**Aim of the exercise**
Drop all pictures and repeat exactly the lines from the line holding "ANTRE à écailles" through the end of the records.

**Information shown**
^^^^
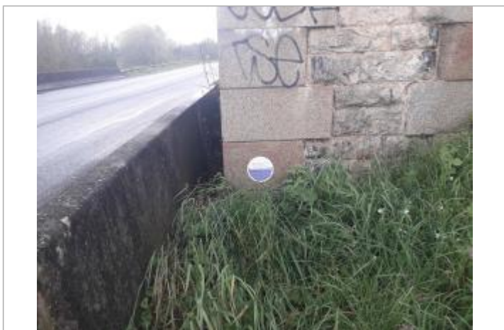
Sur pile de Pont SNCF

MARQUE Visibilité : Oui État du repère : Bon
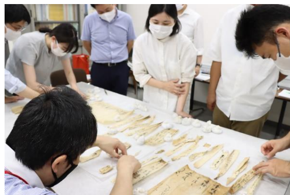
乙訓寺木造十一面観音立像像内納入品保存修理（令和6年度）
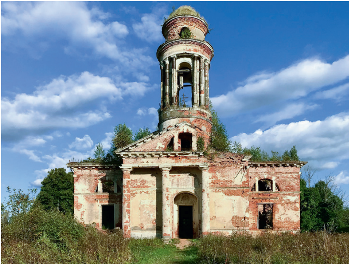
71. Знаменская церковь. Вид с запада. 2020 г.
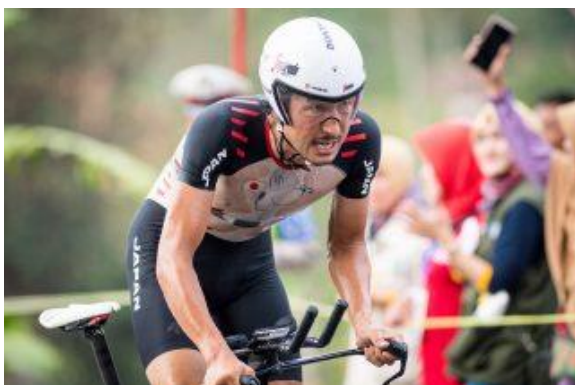
男子エリート個人タイムトライアル
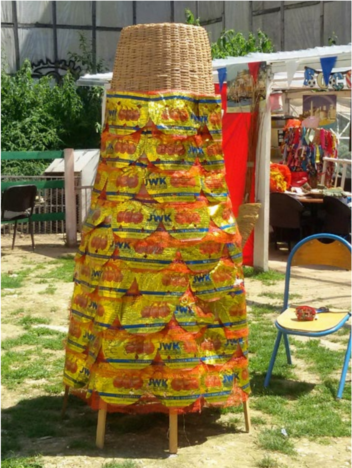
ANTRE à écailles d'or Sacs de riz et filets d'oignons Série habits-habitats 2018
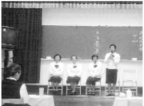
「道親成全錄」單元，激發壇主們瞭解使命之神聖。

最後一個單元為「回到原點」，安排以分組的方式討論「身為壇主如何進修與精進、持續初發
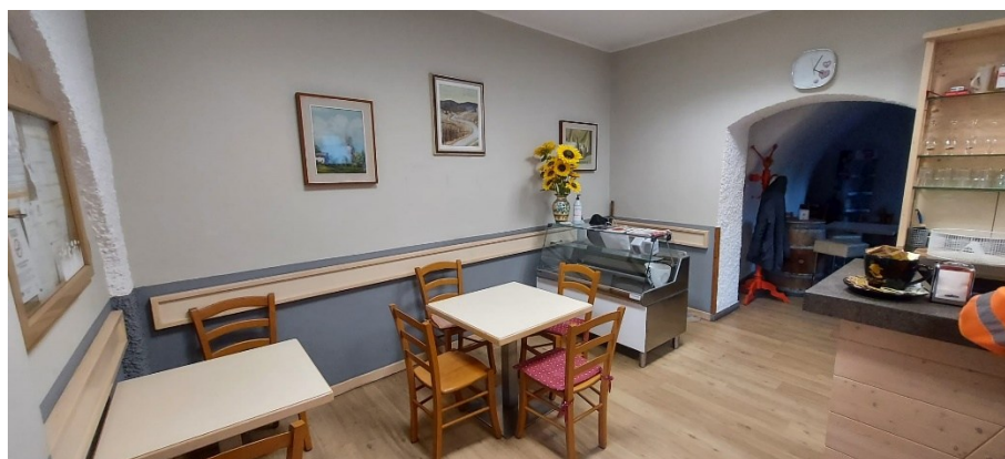
Locale principale con banco bar
^^^^
**Exercise output**
ANTRE à écailles d'or Sacs de riz et filets d'oignons Série habits-habitats 2018
「道親成全錄」單元，激發壇主們瞭解使命之神聖。

最後一個單元為「回到原點」，安排以分組的方式討論「身為壇主如何進修與精進、持續初發
Locale principale con banco bar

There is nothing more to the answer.